▶ [Directions for this task]: Could you retype every line below exactly, omitting the images?

▶ [Available data]:

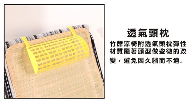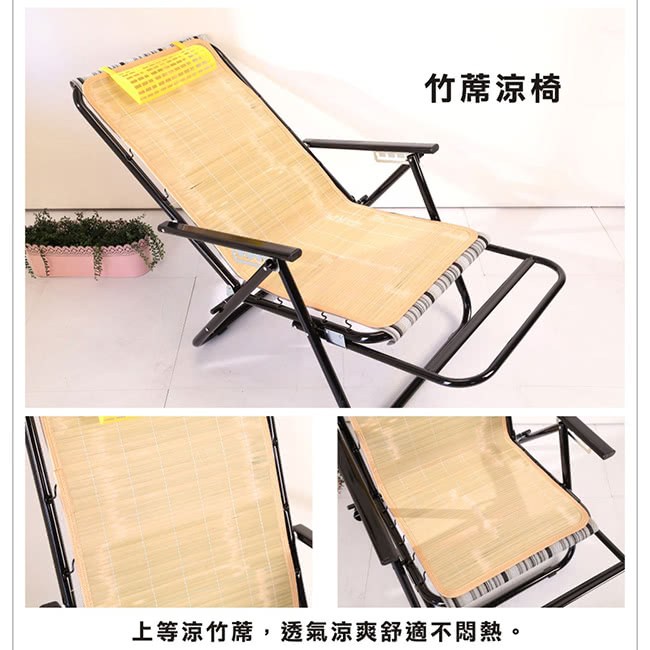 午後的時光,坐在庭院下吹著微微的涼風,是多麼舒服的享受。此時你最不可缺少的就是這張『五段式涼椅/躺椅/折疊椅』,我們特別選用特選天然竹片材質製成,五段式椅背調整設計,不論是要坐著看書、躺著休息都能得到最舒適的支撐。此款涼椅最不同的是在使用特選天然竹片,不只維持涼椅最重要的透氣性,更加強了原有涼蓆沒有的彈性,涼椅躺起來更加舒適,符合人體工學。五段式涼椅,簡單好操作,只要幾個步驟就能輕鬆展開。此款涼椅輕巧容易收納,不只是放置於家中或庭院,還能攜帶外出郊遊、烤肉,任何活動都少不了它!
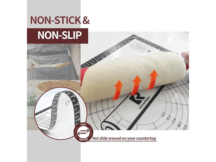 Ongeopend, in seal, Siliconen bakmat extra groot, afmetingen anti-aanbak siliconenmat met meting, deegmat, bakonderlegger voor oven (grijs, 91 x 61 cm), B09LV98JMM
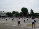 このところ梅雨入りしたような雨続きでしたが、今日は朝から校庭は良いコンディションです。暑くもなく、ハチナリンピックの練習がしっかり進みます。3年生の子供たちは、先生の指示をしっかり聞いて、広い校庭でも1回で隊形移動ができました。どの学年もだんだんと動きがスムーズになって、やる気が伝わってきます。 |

▶ [Solution below]:
 午後的時光,坐在庭院下吹著微微的涼風,是多麼舒服的享受。此時你最不可缺少的就是這張『五段式涼椅/躺椅/折疊椅』,我們特別選用特選天然竹片材質製成,五段式椅背調整設計,不論是要坐著看書、躺著休息都能得到最舒適的支撐。此款涼椅最不同的是在使用特選天然竹片,不只維持涼椅最重要的透氣性,更加強了原有涼蓆沒有的彈性,涼椅躺起來更加舒適,符合人體工學。五段式涼椅,簡單好操作,只要幾個步驟就能輕鬆展開。此款涼椅輕巧容易收納,不只是放置於家中或庭院,還能攜帶外出郊遊、烤肉,任何活動都少不了它!
 Ongeopend, in seal, Siliconen bakmat extra groot, afmetingen anti-aanbak siliconenmat met meting, deegmat, bakonderlegger voor oven (grijs, 91 x 61 cm), B09LV98JMM
 このところ梅雨入りしたような雨続きでしたが、今日は朝から校庭は良いコンディションです。暑くもなく、ハチナリンピックの練習がしっかり進みます。3年生の子供たちは、先生の指示をしっかり聞いて、広い校庭でも1回で隊形移動ができました。どの学年もだんだんと動きがスムーズになって、やる気が伝わってきます。 |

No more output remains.